The loss of a loved one can bring with it many emotions and questions.

Some of those questions will involve financial decisions that can be tough to address while grieving. Having a guide to help you through some of the questions you may have is critical to not forgetting some of the often overlooked necessities after losing a loved one.

  • How do I pay my bills?
  • Do I payoff my mortgage?
  • Should I invest the life insurance proceeds or keep in cash?

Having a comprehensive guide can remove some of the financial stress and uncertainty that can arise with the loss of a loved one. Having a plan allows you the opportunity to focus on grieving, growing, and healing.
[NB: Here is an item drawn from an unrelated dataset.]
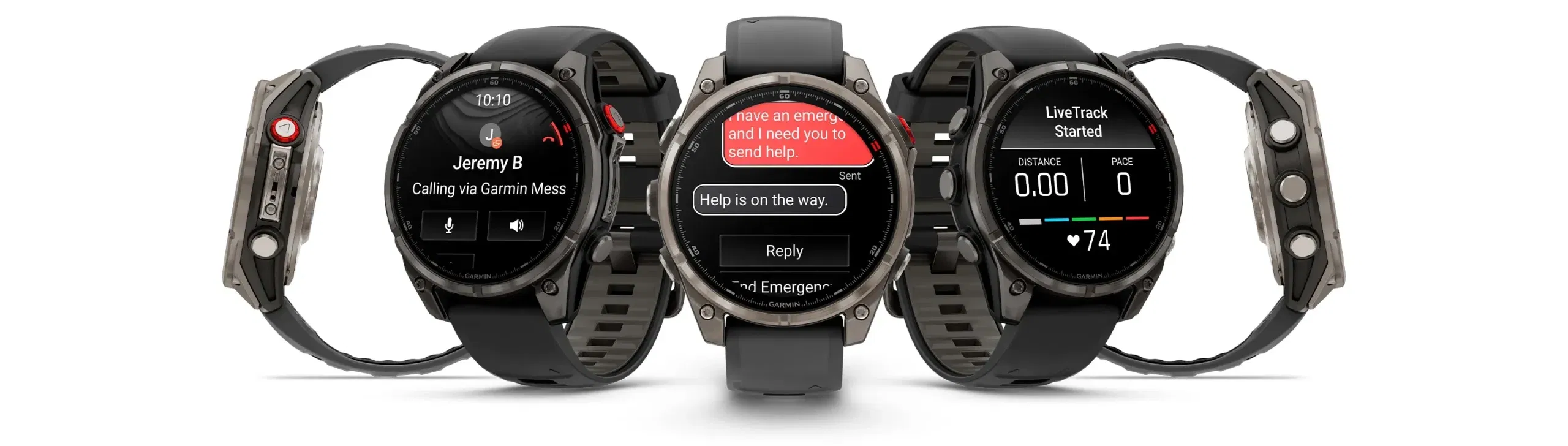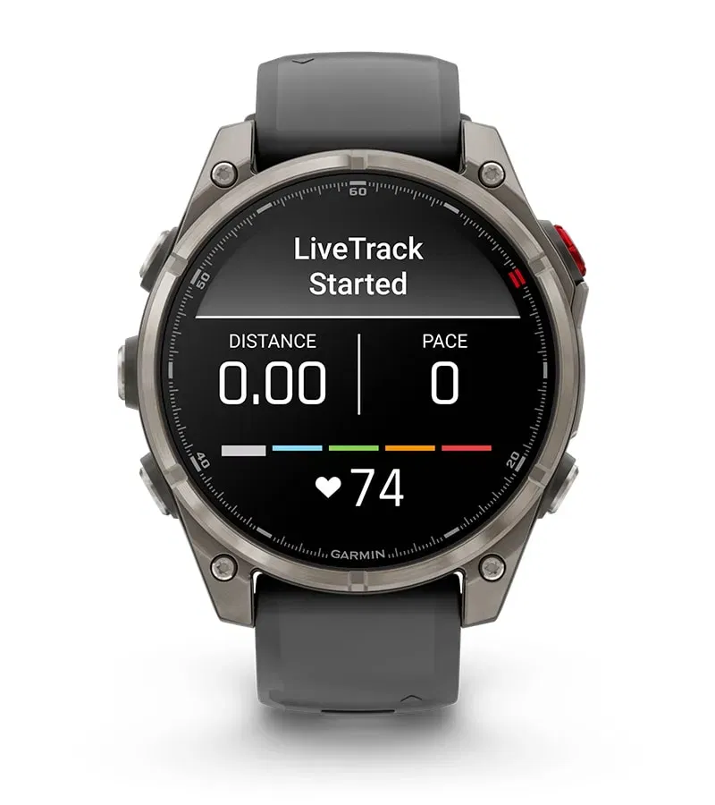 Með LTE-tengingu¹ geta vinir fylgst með ævintýrum þínum í rauntíma í gegnum LiveTrack staðsetningardeilingu með Garmin Messenger appinu í úrinu. Appið gerir þér einnig kleift að láta vini vita þegar þú hefur hafið LiveTrack-deilingu, ef þeir vilja fylgjast með eða ná í þig á meðan þú ert á æfingu.

Priority Actions Financial Checklist

In the First Week or Two:

  • Notify the Social Security Administration of the death and inquire about benefits eligibility
    • Info at
    • Phone: 1-800-772-1213
  • Gather important papers. This includes will and trust documents, employee benefits, tax returns, titles to property, listing of assets and liabilities, statements for brokerage accounts, 401(k)s, IRAs, pension, annuities, and life insurance.
  • If you have a trusted advisor, contact them for professional guidance on financial accounts and planning. If you don’t have a trusted financial partner, engaging one is a good idea.
  • Ensure payment of recurring bills
    • An example of a Cash flow and Budget sheet is following.
  • Ensure continuity of insurance still required for survivors
    • Health insurance
    • Property, casualty, and umbrella
    • Life insurance
    • Disability
    • Long-term care

Within the First Few Months:

Work on the estate settlement process

  • Review beneficiary named for all financial accounts and work on re-titling accounts
  • Work with your financial partner on decisions for pensions, retirement, annuities or other accounts requiring an election by the beneficiary.
  • Review need for estate tax return (not required if no estate tax is due).
  • For re-titling property where no beneficiary was named, determine if probate is necessary.
  • Determine if you need an attorney for probate or estate settlement. Professional help may be needed for more complex estates with different types of property, significant liabilities, or disputes among beneficiaries.


  • Work with your financial partner to create an updated financial plan with goals and resources based on the new circumstances.
  • Revisit cash flow and budget after you’ve had time to evaluate ongoing expenses and needs.
  • Review your estate plan and, if necessary, update beneficiaries on IRA’s, trusts, and TOD accounts. Update trustees, power of attorneys, and advance directives where needed.